_TRY IT_
A faithful, complete transcript of the entries below, without pictures, should be returned.
SOURCE DATA: Begin
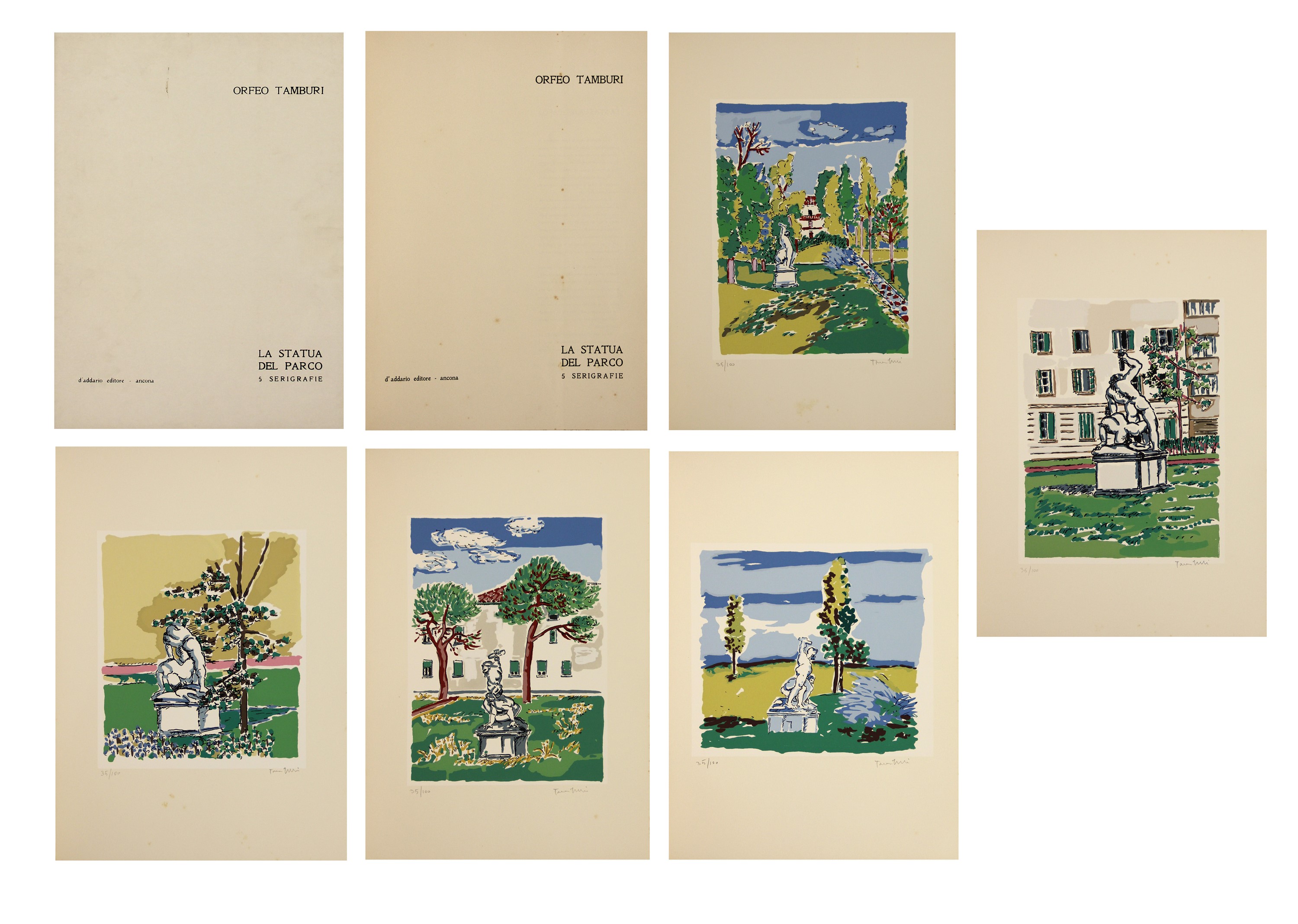 ,Orfeo Tamburi : La statua del parco / cartella di 5 serigrafie  - Asta Arte moderna e contemporanea | Summer season - Associazione Nazionale - Case d'Asta italiane
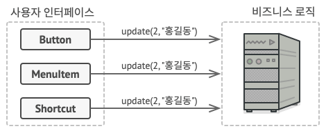 커맨드를 통해 비즈니스 논리 레이어를 접근합니다.
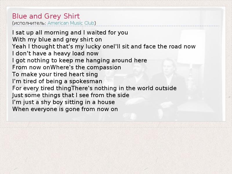 А как ты думаешь, о чем песня "Blue and Grey Shirt" ?
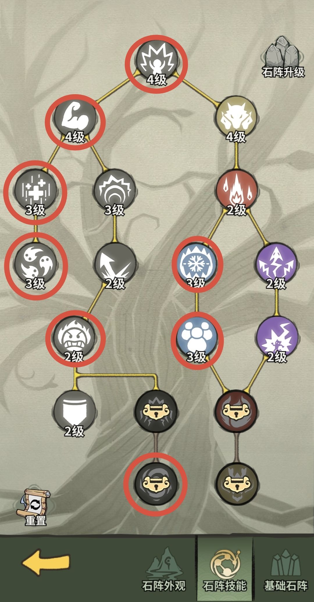 图内我圈起来的技能是相对比较重要的,那些伤害型的技能和赌概率的技能个人觉得不太靠谱,不过补天石够的情况下倒是可以去升一升。
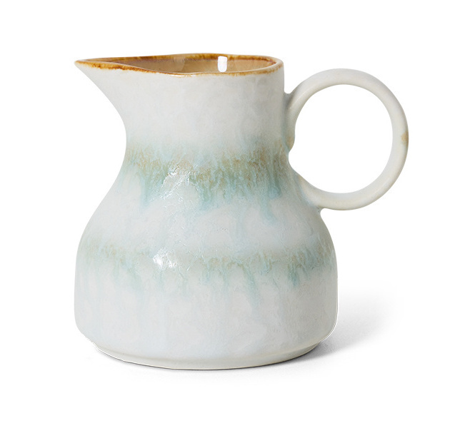 HKLiving 70s keramische melkkan petal, een handgemaakt steengoed kannetje met speels glazuur, perfect voor melk of room bij koffie en thee. Lees meer
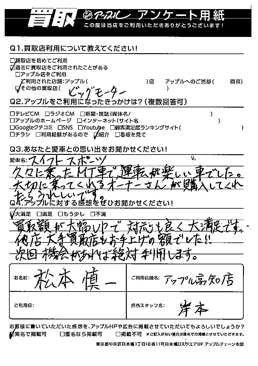 松本 慎一様 車名:スズキ スイフト
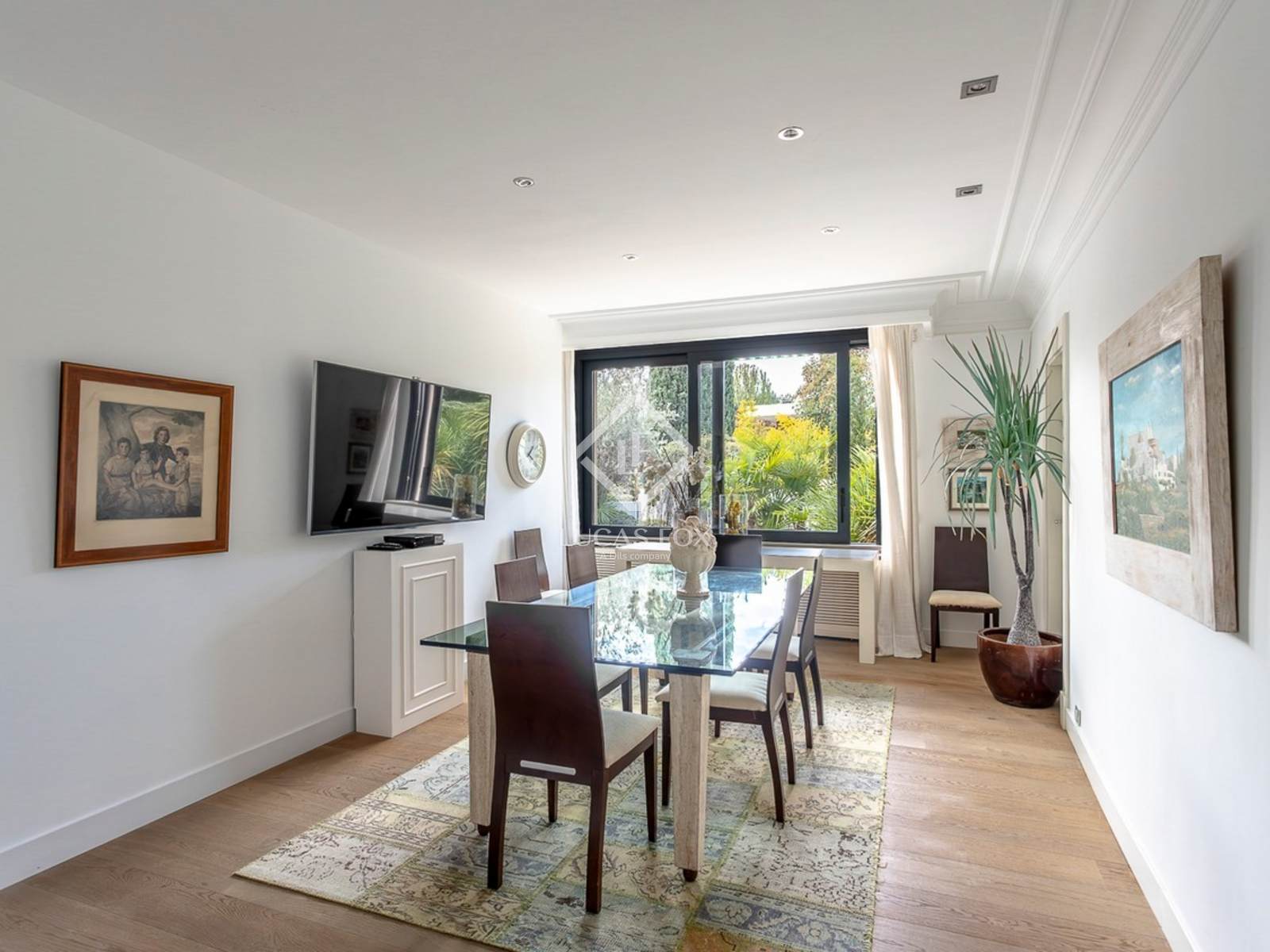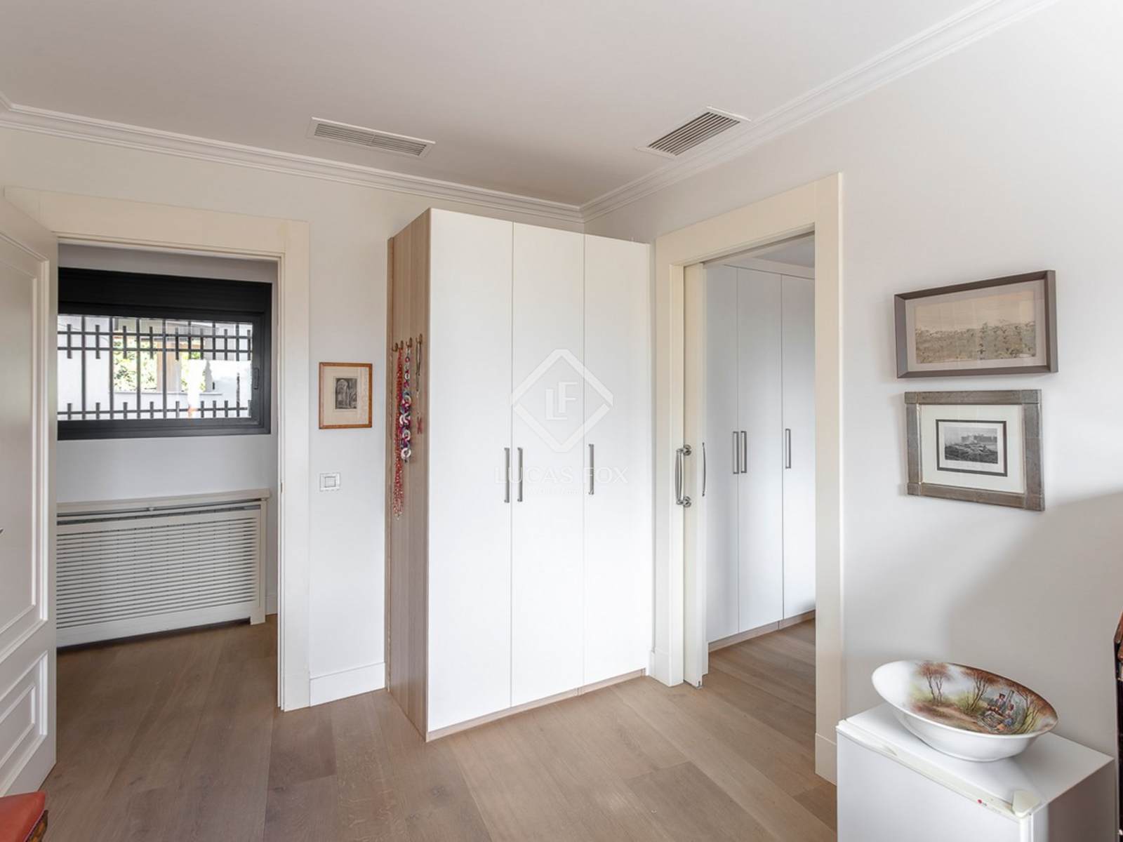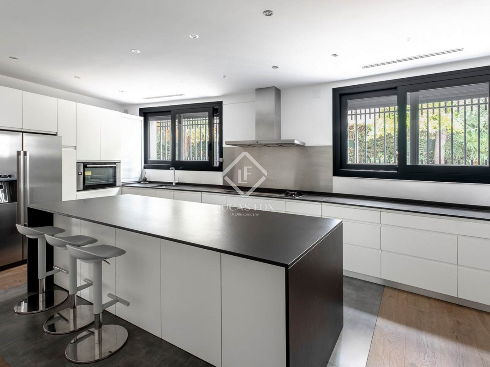 En la planta baja se ubican los amplios salones con ventanales al jardín, despacho y amplio comedor, una cocina con muebles y electrodomésticos de primera linea, comedor de diario, zona de servicio con dormitorio y baño, y amplios espacios de almacenaje.
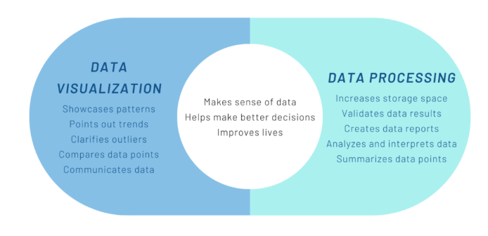 Data visualization is one of the steps of the data science process, which states that after data has been collected, processed and modeled, it must be visualized for conclusions to be made. Data visualization is also an element of the broader data presentation architecture discipline, which aims to identify, locate, manipulate, format and deliver data in the most efficient way possible.
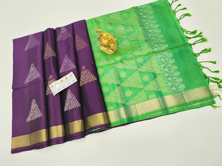 Pure Soft Silk Saree Purple and Green Color w/ Blouse
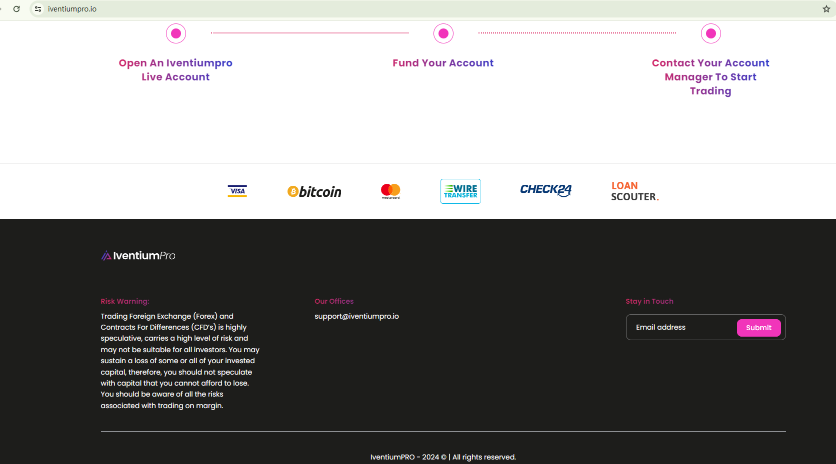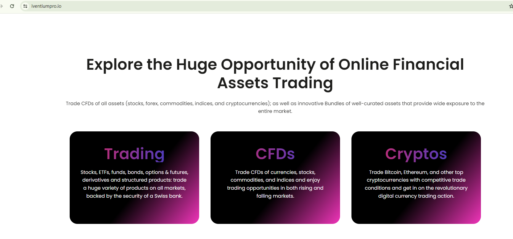 IventiumPRO claims to be a reliable broker yet lacks transparency, without disclosing its legal forms. What's more, it fails to provide any regulatory information to verify its legitimacy.
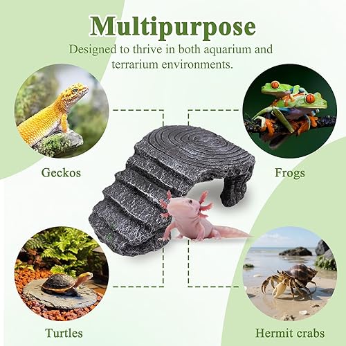 Versatile Use: Designed to thrive in both aquarium and terrarium environments, this hideout is suitable for a wide range of pets. It works in freshwater tanks for axolotls, bettas, or small fish, as well as in dry or moist terrariums for reptiles like crested geckos, newts, turtles, hermit crabs or frogs
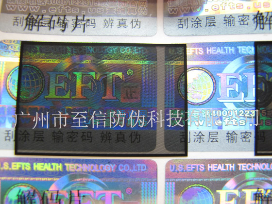 光栅防伪也是解码防伪、莫尔加密防伪,表面看不到隐藏的字体或图案,只有将解码片轻压在标签上,沿顺时针或逆时针方向轻轻旋转解码片,光栅码即可见到隐藏的字体或图案。银色激光标,整个标签都是银色的激光效果,一次性激光标,是预防撕下来二次转移,一撕就碎。
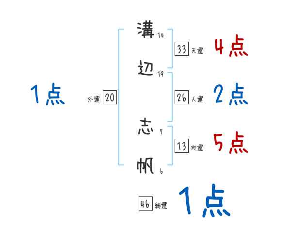 総運![]() | 溝辺志帆さんの総運は46画の1つ星!迷走することが多く苦労するかも。目先のことにとらわれないように。 あなたの人生を表す1番重要な運勢です。生涯を通じて影響する総合運となり、主に50歳以降の晩年期に影響を及ぼします。 |
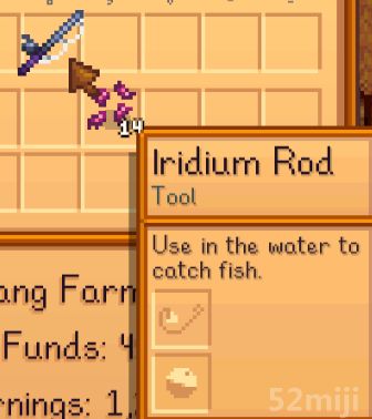 首先你至少要有一根2级的鱼竿Fiberglass Rod(1800g 3级钓鱼)或者3级的鱼竿Iridium Rod(7500g 6级钓鱼)
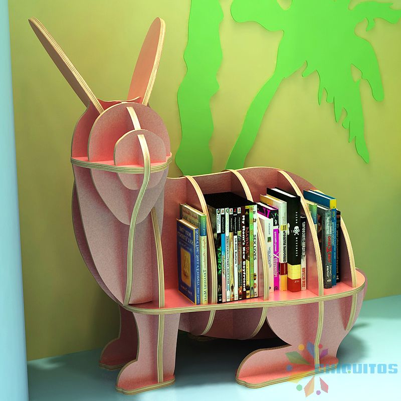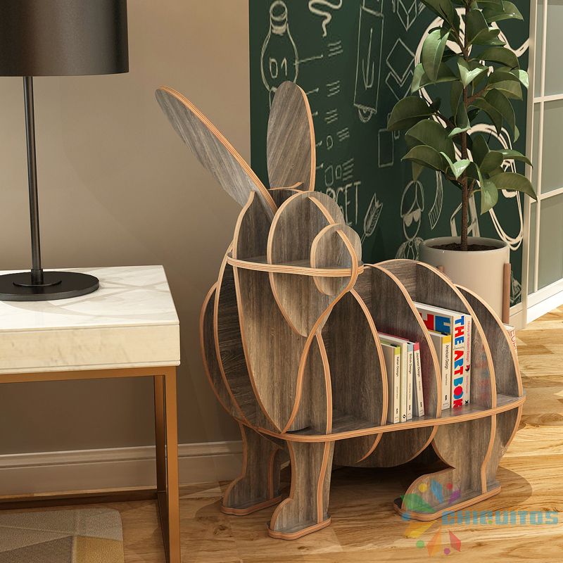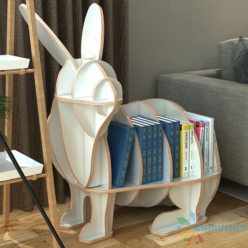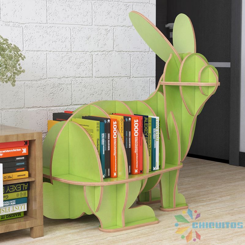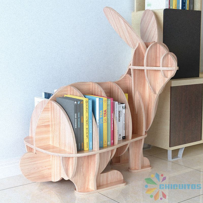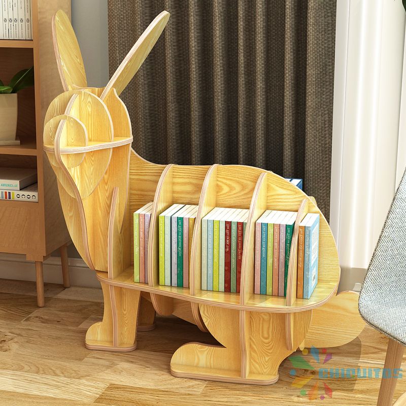 Chiquitos Children Adolescents Wooden Rabbit Shape Library Furniture Bookcase For Study Animal bookshelf kindergarten supplies
SOURCE DATA: End
_REPLY_
 ,Orfeo Tamburi : La statua del parco / cartella di 5 serigrafie  - Asta Arte moderna e contemporanea | Summer season - Associazione Nazionale - Case d'Asta italiane
 커맨드를 통해 비즈니스 논리 레이어를 접근합니다.
 А как ты думаешь, о чем песня "Blue and Grey Shirt" ?
 图内我圈起来的技能是相对比较重要的,那些伤害型的技能和赌概率的技能个人觉得不太靠谱,不过补天石够的情况下倒是可以去升一升。
 HKLiving 70s keramische melkkan petal, een handgemaakt steengoed kannetje met speels glazuur, perfect voor melk of room bij koffie en thee. Lees meer
 松本 慎一様 車名:スズキ スイフト
 En la planta baja se ubican los amplios salones con ventanales al jardín, despacho y amplio comedor, una cocina con muebles y electrodomésticos de primera linea, comedor de diario, zona de servicio con dormitorio y baño, y amplios espacios de almacenaje.
 Data visualization is one of the steps of the data science process, which states that after data has been collected, processed and modeled, it must be visualized for conclusions to be made. Data visualization is also an element of the broader data presentation architecture discipline, which aims to identify, locate, manipulate, format and deliver data in the most efficient way possible.
 Pure Soft Silk Saree Purple and Green Color w/ Blouse
 IventiumPRO claims to be a reliable broker yet lacks transparency, without disclosing its legal forms. What's more, it fails to provide any regulatory information to verify its legitimacy.
 Versatile Use: Designed to thrive in both aquarium and terrarium environments, this hideout is suitable for a wide range of pets. It works in freshwater tanks for axolotls, bettas, or small fish, as well as in dry or moist terrariums for reptiles like crested geckos, newts, turtles, hermit crabs or frogs
 光栅防伪也是解码防伪、莫尔加密防伪,表面看不到隐藏的字体或图案,只有将解码片轻压在标签上,沿顺时针或逆时针方向轻轻旋转解码片,光栅码即可见到隐藏的字体或图案。银色激光标,整个标签都是银色的激光效果,一次性激光标,是预防撕下来二次转移,一撕就碎。
 総運![]() | 溝辺志帆さんの総運は46画の1つ星!迷走することが多く苦労するかも。目先のことにとらわれないように。 あなたの人生を表す1番重要な運勢です。生涯を通じて影響する総合運となり、主に50歳以降の晩年期に影響を及ぼします。 |
 首先你至少要有一根2级的鱼竿Fiberglass Rod(1800g 3级钓鱼)或者3级的鱼竿Iridium Rod(7500g 6级钓鱼)
 Chiquitos Children Adolescents Wooden Rabbit Shape Library Furniture Bookcase For Study Animal bookshelf kindergarten supplies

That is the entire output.